What the fuck is a Blog? Since nobody here knows the answer to that, I’m going to assume it’s yet another internet based form of impersonal communication.  I can get down with that.

As I sit here contemplating exactly what to write, I notice my roommate out of the corner of my eye punch his towel repeatedly, exhaling through his teeth to make a noise like you might hear in a movie or a video game.  He’s super pissed that he missed the bake sale so the towel gets punished.  It’s ok.  I thought I heard the towel talkin’ shit earlier anyhow.

This is prison life. Live from St. Cloud Men’s Reformatorium, B House North, Galley 11, Cell #167.  I am Vincent 244296.

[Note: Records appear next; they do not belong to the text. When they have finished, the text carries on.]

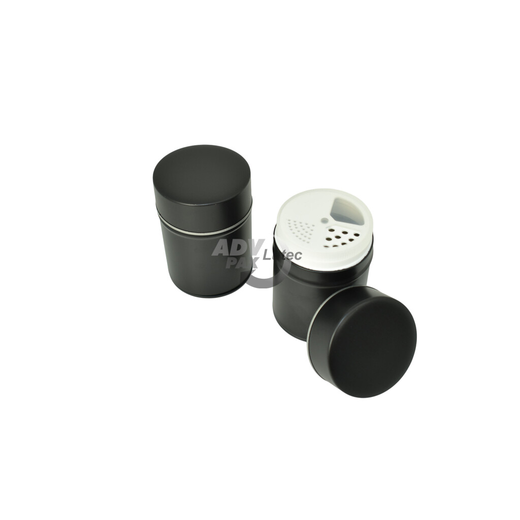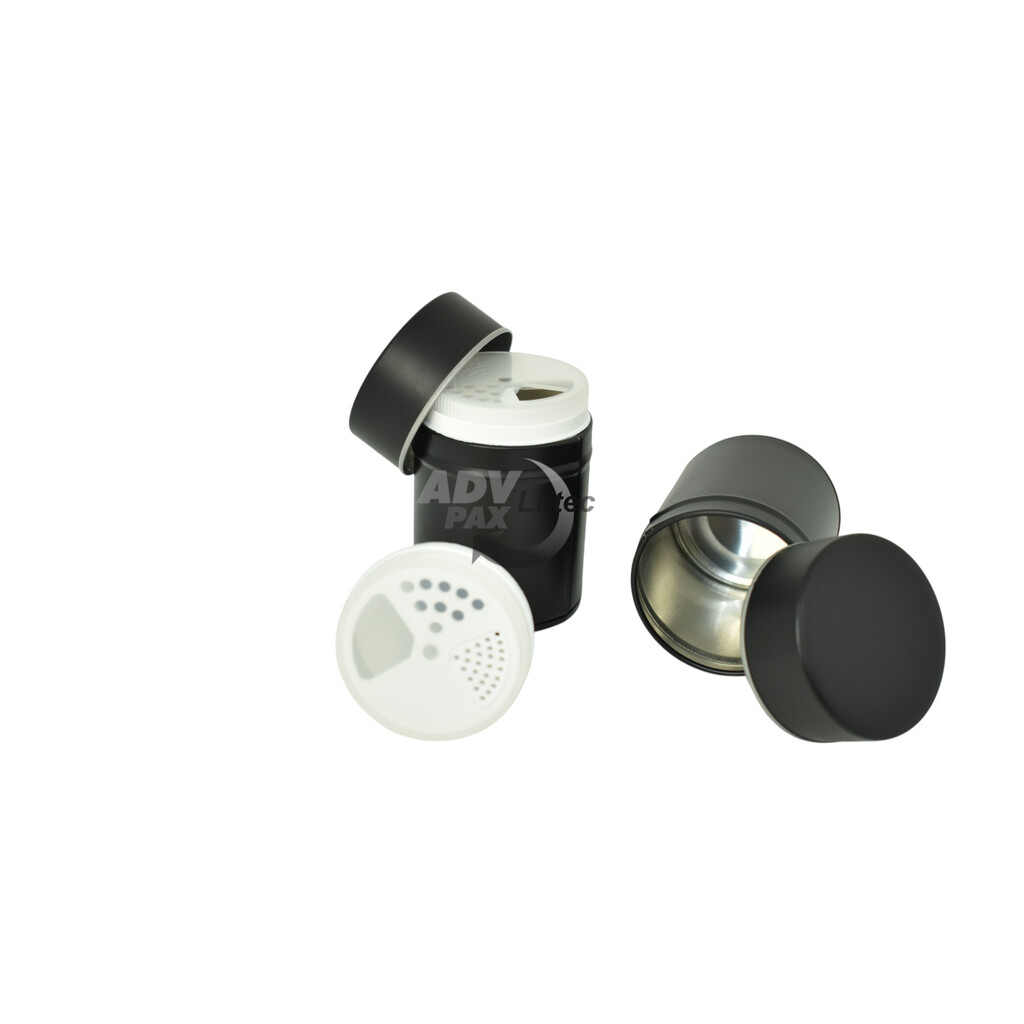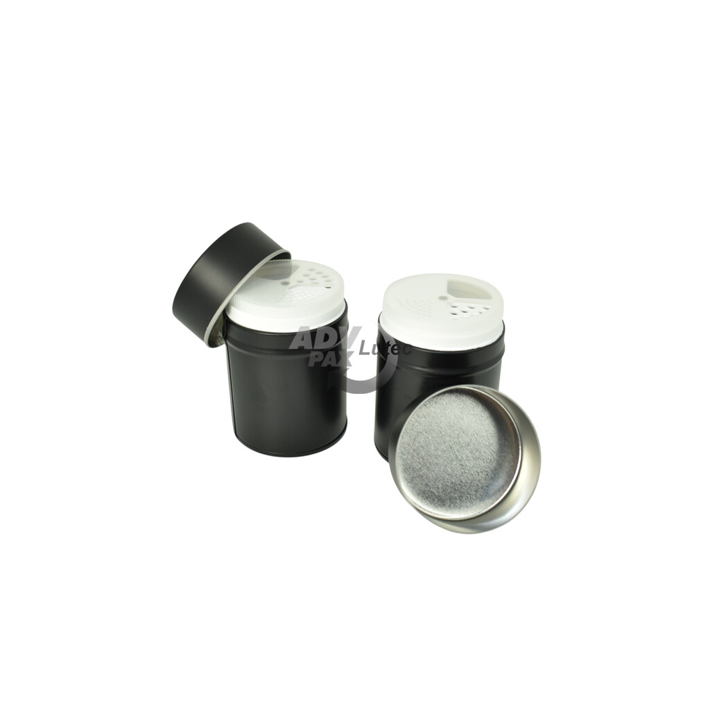 Runde Stülpdeckeldose aus elektrolytischem Weißblech; mit Kunststoffeinsatz; bedruckt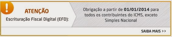 A Secretaria Fazenda informa sobre obrigatoriedade da EFD-Escrituração Fiscal Digital a partir de Janeiro de 2014.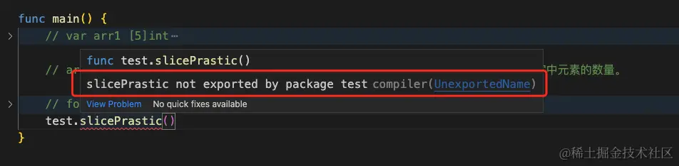 于是将test包中slicePrastic函数首字母大写,问题得到解决。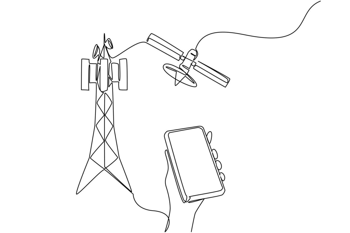Continuous one line drawing hand holds smartphone and pointing at transmitter tower. Progress of times. World Telecommunication and Information Society Day. Single line draw illustration Pro Vector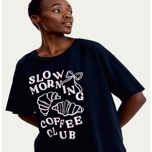 Pure Cotton Coffee Club Pyjama T-Shirt in Navy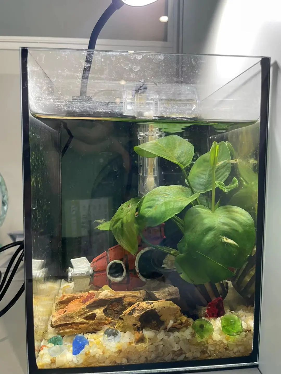 最近在公司搞了一个小的生态缸,我对于生态缸的定位比较简单,养鱼有些麻烦,直接养虾,而且是那种最好养的黑卡虾。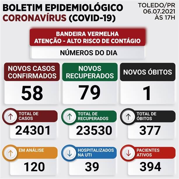 Nesta terça-feira, dia 06/07/2021, tivemos a confirmação de 58 novos casos da COVID-19, em Toledo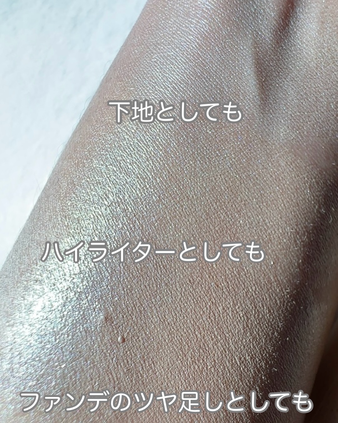 1本で3役こなしてくれる ウォータータイプのハイライト✨ 私は001の明るめのタイプを手に取りました ツヤ感が出て煌めきがありましたが 上からファンデーションをすると隠れてしまったように見受けられました😢 ナチュラルにツヤ感を求めている方や 浮かない色合いを求めている方には良いコスメなのかなと思います😶
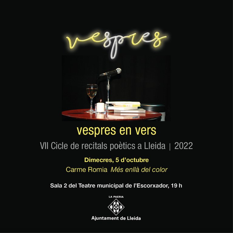 Lleida torna a acollir una nova edició del cicle Vespres en vers, per setè any consecutiu, amb la proposta de tres recitals de poetes de la ciutat, que se sumen als celebrats des del 2016. Amb els d’enguany, hauran participat en el cicle una trentena de creadors de la Paraula. L’edició d’enguany, a més, coincideix amb una commemoració important, la de la celebració del centenari del naixement de l’escriptor agramuntí Guillem Viladot, una figura polièdrica i innovadora en el terreny creatiu que va deixar un llegat ingent en molts dels gèneres literaris, també el poètic.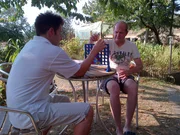 Mein Traum von Rente - Nochmal Neues wagenWenn es Abend wird in San Giorgio laden sich Domenico (l.) und Jürgen abwechselnd (r.) zum Aperitivo ein. Für Jürgen gehört dieses Ritual zum großen Glück, das er in "seinem" einsamen Bergdorf in Italien gefunden hat.Bild: © ZDF und Jule Sommer./Jule Sommer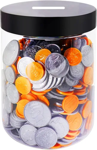 Ya sea que esté enseñando a su hijo ahorros básicos y enseñando a sus hijos a hacer un plan de ahorro de dinero para su viaje de ensueño. ¡Los adultos valorarán tener un lugar de aterrizaje para el cambio de contador de monedas! Nuestro tarro de monedas grande es una mejor opción que inspirará y enseñará a los niños a ahorrar, gastar y compartir sabiamente para toda la vida. ¿Por qué elegir el tarro grande transparente Mczxon para monedas? 1. Sin daños accidentales: El tarro de punta transparente está hecho de plástico PET duradero y seguro para alimentos. Nuestro tarro de plástico de punta grande para dinero es más seguro y ligero que el banco de monedas de vidrio, el banco de monedas de cerámica. No tienes que preocuparte por si el tarro de plástico de punta grande se romperá bajo el peso de todas estas monedas. 2. Aspecto altamente transparente: El tarro de dinero negro con un aspecto altamente transparente te permite ver claramente el equilibrio del depósito dentro del tarro de plástico. Después de depositar fondos semanalmente/mensual, usted estará encantado con el crecimiento de ahorros. 3. Hucha transparente universal: el tarro de alcancía puede contener todas las monedas estadounidenses, incluyendo centavos, níqueles, diez centavos, cuartos, medio dólar y monedas de dólar. 4. Tamaño adecuado: Capacidad: 2 cuartos de galón = 1/2 galón = 8 tazas = 64 onzas líquidas. El banco de dinero de plástico puede almacenar alrededor de 1,300 monedas a plena capacidad. 5. Escenarios de aplicación: El banco de cambio transparente es ideal para monedas y dinero en efectivo, como jarra de monedas para restaurantes, cafeterías, hoteles, salones, bares, bailes, ferias comerciales, lavado de autos, etc. 6. Regalos llamativos: Nuestro gran contenedor de plástico para monedas es una gran opción de regalo para que los niños cultiven su sentido de ahorrar dinero desde una edad temprana. 7. Tarro grande de boca ancha: Tapa de rosca fácil de poner y quitar. El frasco grande de donación se puede sacar abriendo la tapa, lo que es muy conveniente. Consejos: Cuidado: este frasco de ahorro de monedas no es apto para lavavajillas y microondas. El producto contiene: 1 tarro de monedas de plástico con ranura. 1 calcomanía para tarro de puntas

[Editor’s … er, mom’s note: I don’t know what the “bake sale” is. Was there really a bake sale in St. Cloud state prison? Or is it code for something? Is Vince delusional? Or is it just his sense of humor? There’s no way to ask him. I can’t call him. I could ask him in an email, which he would receive in a couple days. He can’t email me back, and the chances of either of us remembering to discuss this in one of our infrequent 10-minute phones call is slim. And it’s just not that important. So you will have to live with some lack of clarity, just as I have for years. And in case you are wondering, Vince hand writes his blog posts and mails them to me when he has enough money to buy paper and stamps. I have promised not to edit him except for length, although I know I will be tempted.]